Post new topic   Reply to topic    DD-WRT Forum Index -> Advanced Networking
Author Message
TheLuffe
DD-WRT Novice


Joined: 27 May 2017
Posts: 8

PostPosted: Fri Jun 02, 2017 5:29    Post subject: External access to NAS server through OpenVPN dd-wrt router Reply with quote
Hello

Backstory:
I acquired my new router a couple of days ago and finally got it up and running as a OpenVPN client. The connection to my VPN provider(Torguard) seems to work flawlessly, however I can't seem to connect to my NAS-server from outside my local network now. Previously I used the VPN capabilities of my NAS-server(DS216play), but it was a system hog and maxed out system ressources when I reached 50 Mbps, which is why I bought my new router(Linksys WRT-3200ACM). It is when I switch the default gateway of the NAS server from 192.168.1.4 to ...1.1 and disconnect the VPN connection on the NAS-server(to instead use the one setup on the dd wrt router), that I lose my ability to access the diskstation externally.

Problem and setup:
First of, here's a map of my network as of right now:

The dd-wrt router is set to gateway mode.

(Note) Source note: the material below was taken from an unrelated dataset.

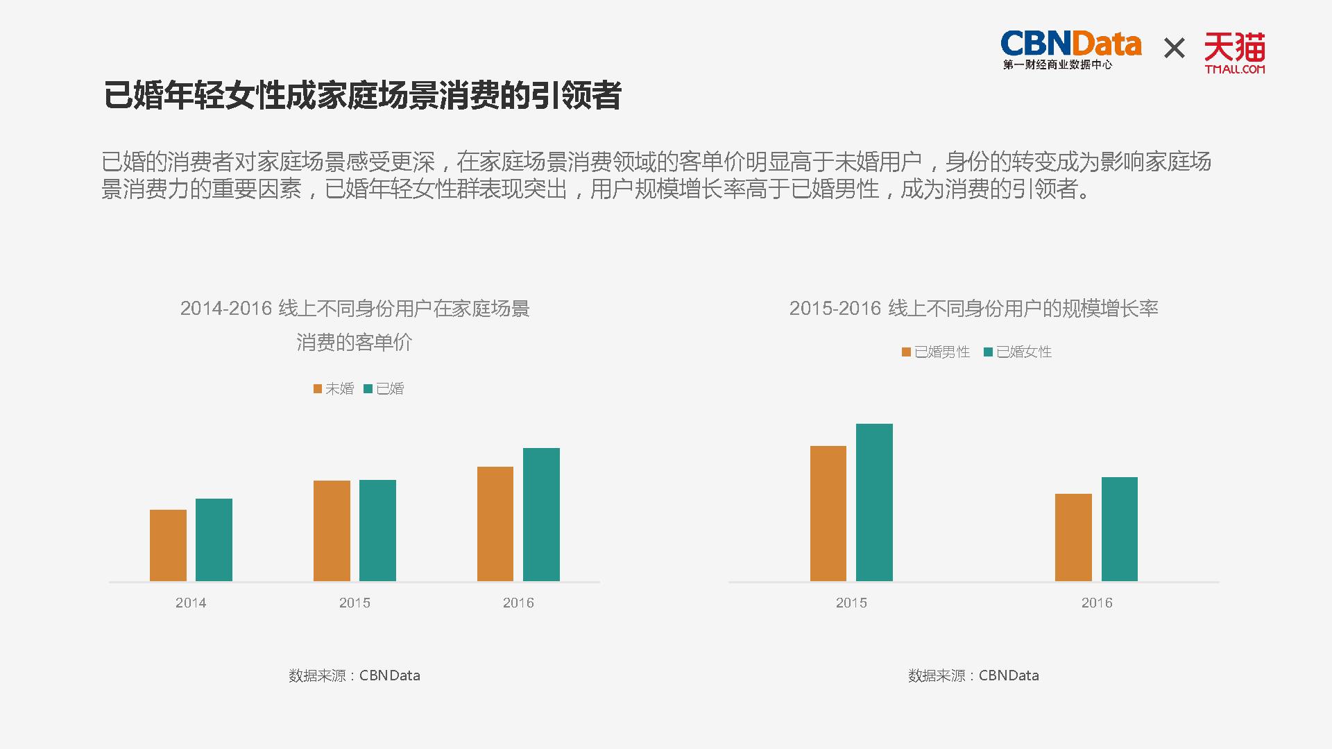 此外,CBNData《报告》显示已婚年轻女性成家庭场景消费的引领者。已婚的消费者对家庭场景感受更深,在家庭场景消费领域的客单价明显高于未婚用户,身份的转变成为影响家庭场景消费力的重要因素。

When I try to access the NAS-server remotely through a webbrowser I get a "Refused to connect" error, which looks like this:

I am very much a network rookie, meaning I have always setup my own home networks, but it hasn't really required anything other than rudimentary understanding of the topic. I am currently guessing that there's a problem between my modem/router, dd-wrt router and my NAS, where it doesn't point to my NAS server, when I try to connect to it from outside my LAN.

I just don't know what to do about the issue. Does anyone have an idea to what the problem might be?

I hope I added all the necessary information in my post, but if there's something I forgot, please feel free to ask Smile
Sponsor
Briar
DD-WRT User


Joined: 05 Mar 2015
Posts: 58

PostPosted: Mon Jun 12, 2017 1:35    Post subject: Reply with quote
My setup is more basic (one wrt3200 router and a cable modem) but having the same issue with my Synology NAS and openVPN client, only my vpn is PIA

nothing I try helps, but to be honest my knowledge level is casual user
js1662
DD-WRT Guru


Joined: 23 Jul 2014
Posts: 1237
Location: BC, CA

PostPosted: Mon Jun 12, 2017 9:10    Post subject: Reply with quote
If you want to access your NAS server from outside, you need to setup an OpenVPN server on your router. When you are traveling, you need to have an OpenVPN client on the remote device. Once a secure tunnel is established between the remote device and the router, you can then access the NAS server using its IP address, the NAS server address and not the router address. As you can see PIA play no part at all or you don't need it for that purpose. It may be a good idea to turn off PIA client on the router as some people said that it may not work with both OpenVPN server and client on the same router.
egc
DD-WRT Guru


Joined: 18 Mar 2014
Posts: 12837
Location: Netherlands

PostPosted: Mon Jun 12, 2017 12:29    Post subject: Reply with quote
You can also use port forwarding to reach your NAS server and in that case you do not need an openVPN server.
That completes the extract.